Two hours just isn't enough for the wealth of information you're bringing to us today. We need to bring you back for a conference sometime, not just two hours. So I'm not going to ask you a further question, although after the question I'm about to ask, if there's extra time and you want to comment further, I'd welcome it.
I have a specific question for Mr. d'Eça--three, actually. The government has testified previously that the consultations carried out before listings can take longer than nine months, and we heard today more evidence that it can take a long time. Further, they indicated that when an assessed species occurs in Nunavut they follow a special process to engage with the Nunavut Wildlife Management Board to respect land claims and this process must be complete before a species may be listed. So could you describe the consultation process the government follows before listing a species that occurs in Nunavut, in very brief terms, bullet form?
Secondly, what would be a reasonable timeframe for the government to carry out such consultations, in your opinion?
The third question is do you have any recommendations for how the consultation process can be enhanced, or is it just too prescribed by the process now? Is there room for adaptation and improvement?
:
Thank you for the questions.
On the consultation process the government follows, if you don't have a copy of this MOU we've talked about today between the NWMB and government, the committee should probably get a copy of it, because it is actually a good-news story under SARA. What we've agreed on there is not what takes place in consultations, but how long they will take place.

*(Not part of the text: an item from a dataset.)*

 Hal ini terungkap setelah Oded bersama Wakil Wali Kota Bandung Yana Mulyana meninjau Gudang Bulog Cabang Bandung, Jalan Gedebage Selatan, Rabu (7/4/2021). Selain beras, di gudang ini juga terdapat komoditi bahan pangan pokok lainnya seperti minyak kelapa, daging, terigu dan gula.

We have section 37--Environment Canada, Parks Canada, Fisheries and Oceans conducts relevant public consultations in Nunavut, including with relevant Inuit organizations, between November and mid-February. So that's about four and a half months for consultations.
But what actually takes place, which I think is very sensible, depends on the species. Right now the listing of polar bears is before the board. It's a huge issue, as I'm sure you're all aware. There the government did a really tremendous job in its consultations. It went to every single community in Nunavut and had oral face-to-face consultations--the best kind of consultation. It took a number of months. But for wolf-fish, which occur in Nunavut waters, there's nothing like that going on because of prioritizing, and so on. The economic, social, and cultural needs and interests of Inuit are taken into account.

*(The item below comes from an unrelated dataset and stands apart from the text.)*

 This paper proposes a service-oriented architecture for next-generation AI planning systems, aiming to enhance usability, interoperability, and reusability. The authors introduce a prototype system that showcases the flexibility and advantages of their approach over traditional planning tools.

So it really depends upon the species. But the Cadillac version would be what was done recently with polar bears. The NWMB held a three-day public hearing and is expected to make a decision on the listing of the polar bear this June and go to the minister in July. So I expect that some time in the fall there will be a final decision. So within a reasonable timeframe look at the species and take it from there. But certainly under the MOU we think you can generally get everything done within those four and a half months. It may not take that long. You may be very busy for the whole four and a half months.

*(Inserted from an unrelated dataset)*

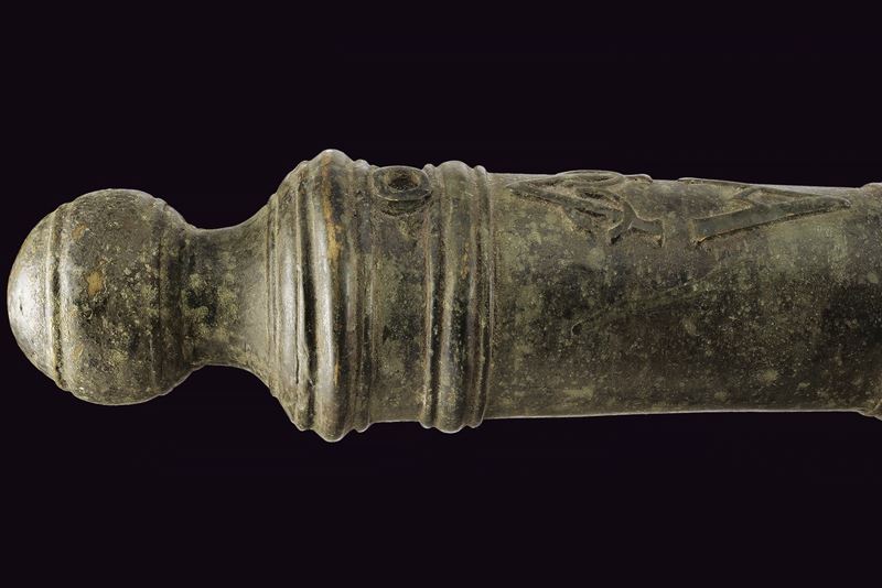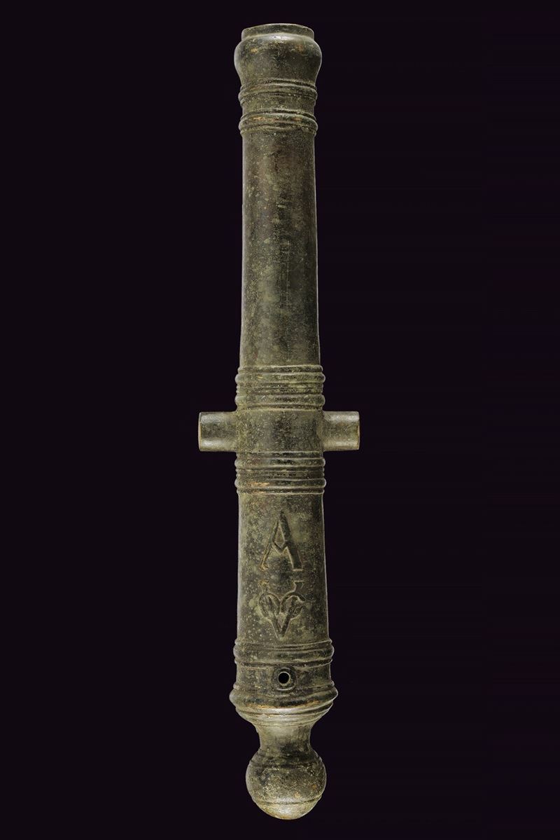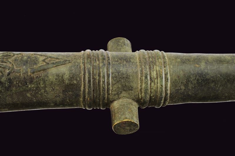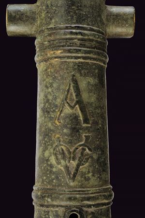 Bronze, shaft decorated with various rings, at the base the monogram of the Dutch East India Company "VOC", above them an "A". Cylindrical trunnions. Moulded muzzle. Vent and spherical breech knob; also with two rings. Signs of time.

On how to enhance it, even with what I just said, consultations and communications with the public of Nunavut, primarily Inuit, over the first five or six years of SARA have not been adequate, and there are problems. People are distrustful of the act. They're suspicious when the consultations take place. There really has to be a redoubling of efforts to communicate and consult in an appropriate manner with the public of Nunavut, and I suspect with the aboriginal public right across the country.